To prevent arbitrary selection of peaks and valleys in a noisy reconstruction, the standard could specify a limit for the allowed deviation from the physical hot-rod distances when selecting the position of peak and valleys in the profiles of the Derenzo region.
To evaluate the influence of radial and axial offsets on the spatial resolution, the standard could specify different radial distances at which the Derenzo phantom should be placed. Similarly, the standard could also specify additional measurements of the rotated phantom to investigate the isotropy of the spatial resolution.
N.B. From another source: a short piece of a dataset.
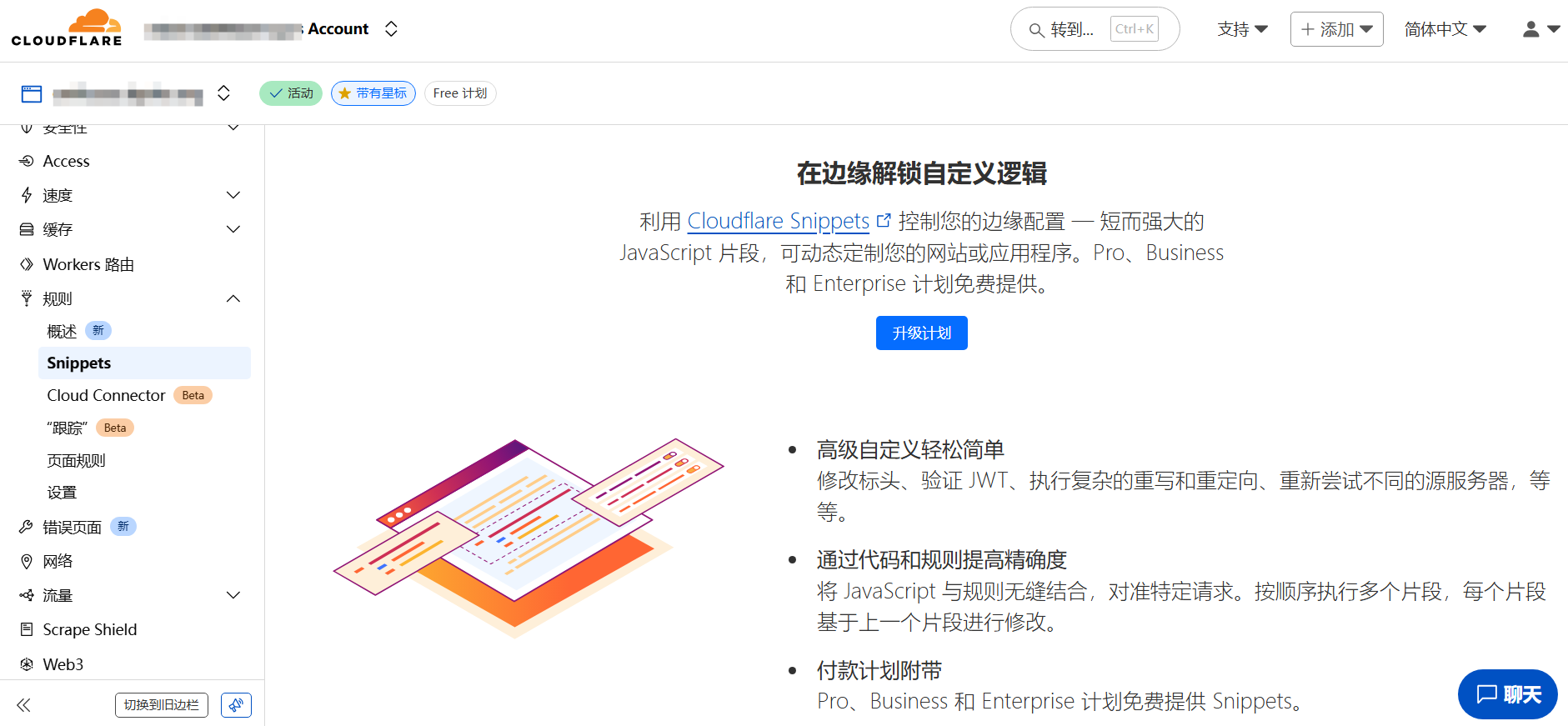 如果提示 升级计划 说明当前域名不具备Snippets功能,请继续往下看备用方案。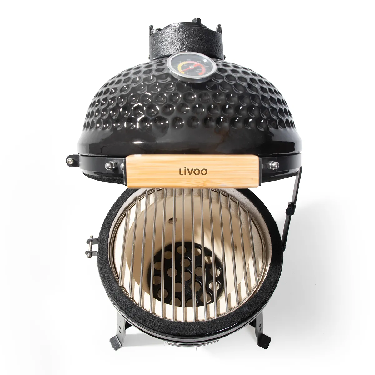 Barbecue à charbon - Corps en argile réfractaire - Thermomètre intégré - Noir

In our opinion, such a method would depend much less on the system’s geometry and technology and would provide a much more realistic benchmark, closely mirroring real-world use of the system. As one of the disadvantages, the precision of this method would be limited by the differences in hot-rod distances between the phantom’s region. However, with commonly used Derenzo phantoms, one would achieve a precision in the determination of the spatial resolution of 0.1 mm, which is more than adequate to assess the scanner’s viability for intended applications. Another drawback of the Derenzo phantom is that it is missing warm background activity and which could potentially lead to an artificial enhancement of spatial resolution with a high number of reconstruction iterations.
The outlined method is only intended as one possible first suggestion. We believe that developing a robust and objective method to benchmark the spatial resolution is a challenging and important research problem. One advantage of the current evaluation method is its simplicity, which simplifies Monte Carlo simulation and similar research.
As another alternative, Lodge et al. [28] have recently proposed a novel method for the measurement of clinical PET spatial resolution using a homogeneous cylinder phantom at an oblique angle. Another idea would be two use two adjacent point sources in a warm background, similar to the method described in [24].